# Feeling like all your friends secretly hate you?



## saturn21

I get this feeling all the time, really. Especially at night when everything from the day just comes back to me and I realize all the mistakes I made, and how everyone just tolerates me in reality while pretending to be my friend. It's a pretty big problem of mine.

For instance, just now, I got kind of self-loathing for a second during a texting conversation with a friend. She said she had to go soon after, so now I'm thinking that she must find me so annoying and negative and depressing to be around all the time and wanted to get away from me as soon as possible and probably won't talk to me anymore because I'm just wasting her time anyways...

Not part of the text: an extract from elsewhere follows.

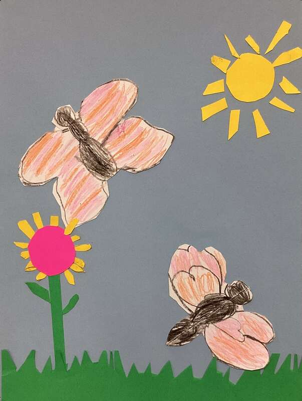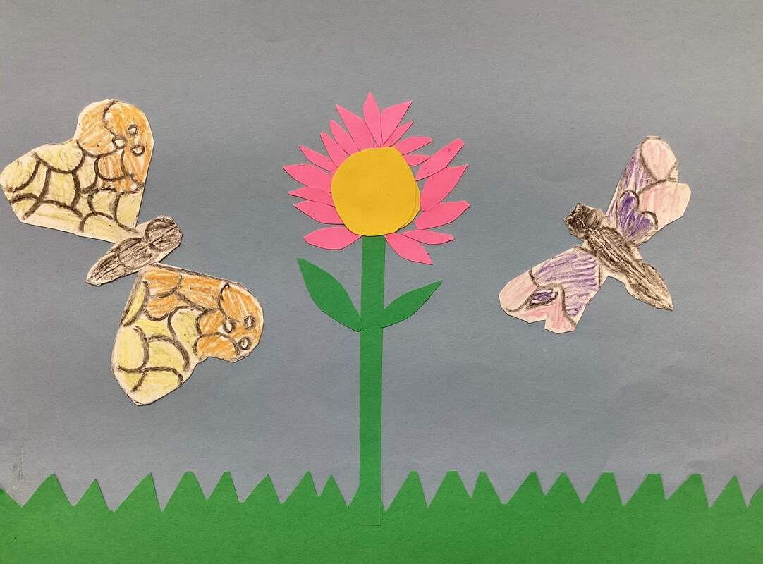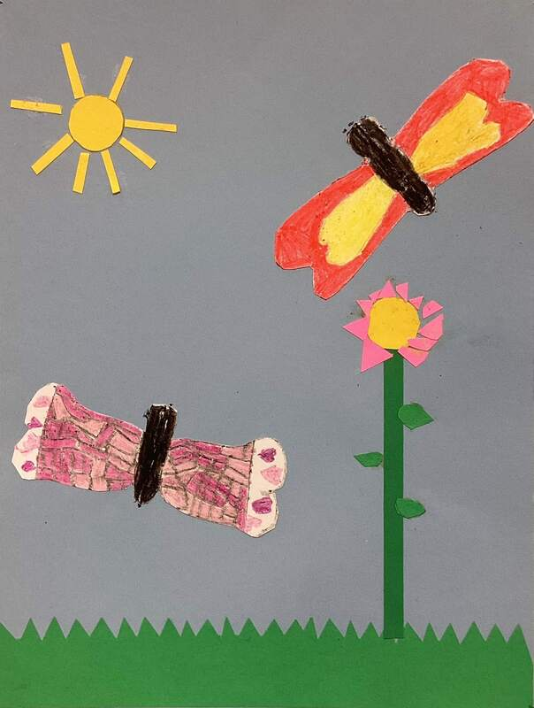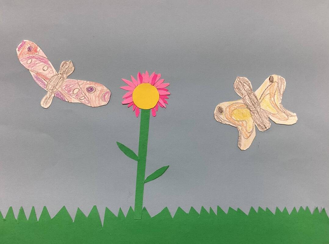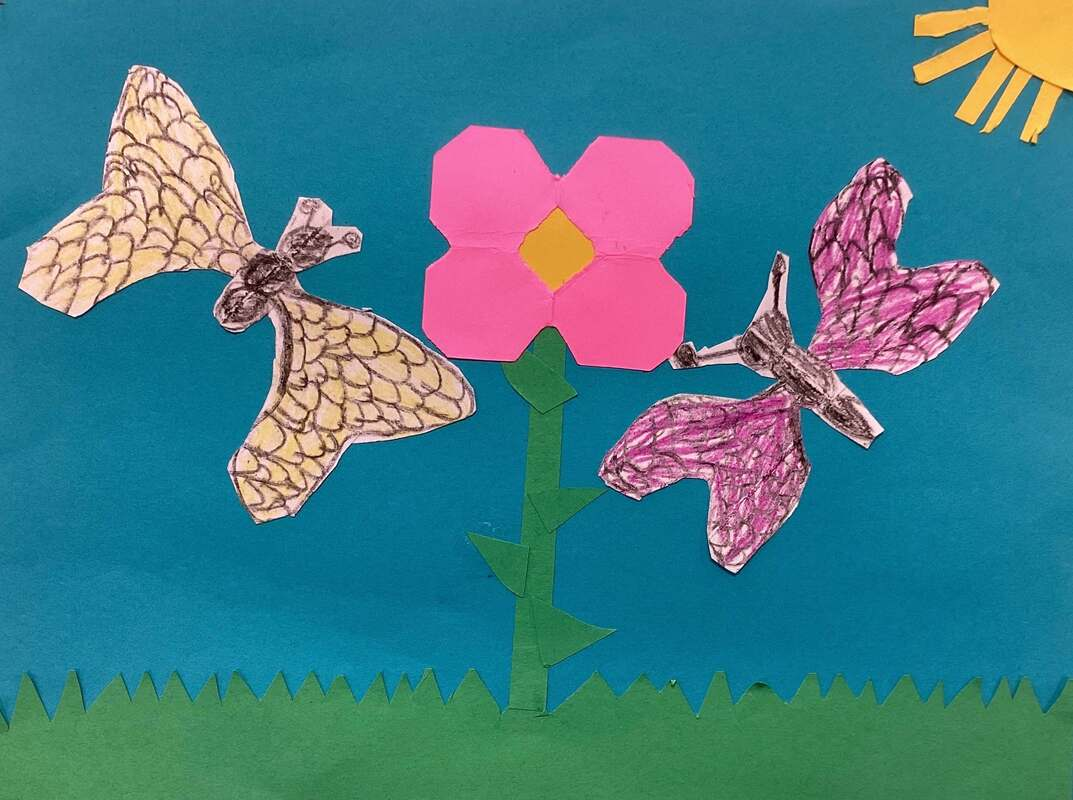 First grade art students have learned about symmetry by drawing half of a butterfly on a folded piece of paper, cutting it out, and then unfolding it. Crayons were used to color the butterflies. Flowers and other landscape components were made with cut colored paper. Students used glue sticks to affix the butterflies and the other objects to a background paper.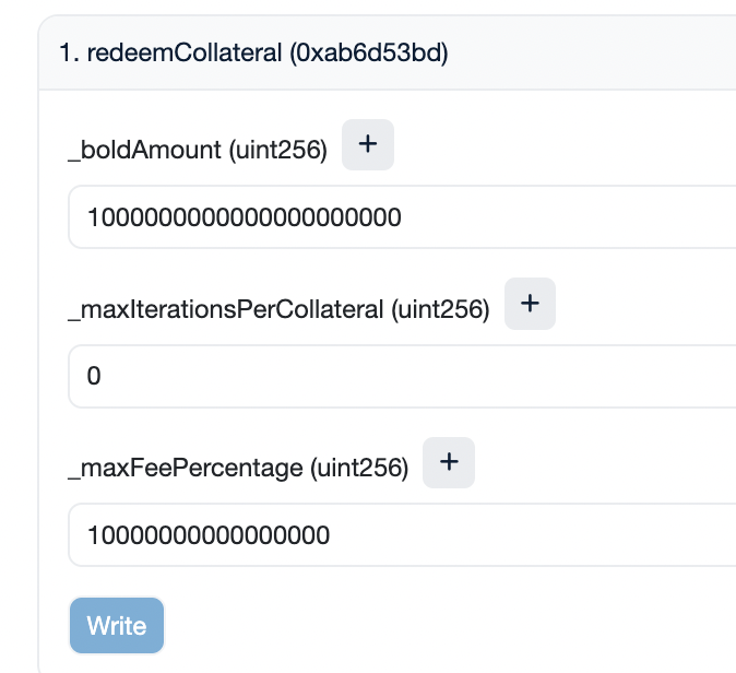 이제 CollateralRegistry 계약을 통해 BOLD 리뎀션을 진행 할 수 있습니다:

I probably sound pathetic, I'm sorry


----------



## allthatsparkles

Stop over-thinking and analyzing every thing you say or do. I'm sure your friends like you. If they didn't, they wouldn't be your friends.


----------



## CopadoMexicano

yeah sometimes Ive been feeling that way lately and i wonder if I should continue being friends with my current friends ive known for at least ten years.


----------



## poopledum

Yeah, tbh most of my friends are just 'friends of convenience'. All doing the same subject at college...they get on better with each other than with me though. I'm just the kind of 'hanger on' I suppose.


----------



## LunaBlitz

Something similar happened to me with a best friend of mine. I had to cut myself off from her because I was being so negative. I had to be the mature one and know when I was dragging someone down with me. When you have depression it can make you self centered sometimes and not allow you to focus on the right things at hand. In relationships that negativity stresses the other person out sometimes cause no one wants to feel or dwell on sorrow. 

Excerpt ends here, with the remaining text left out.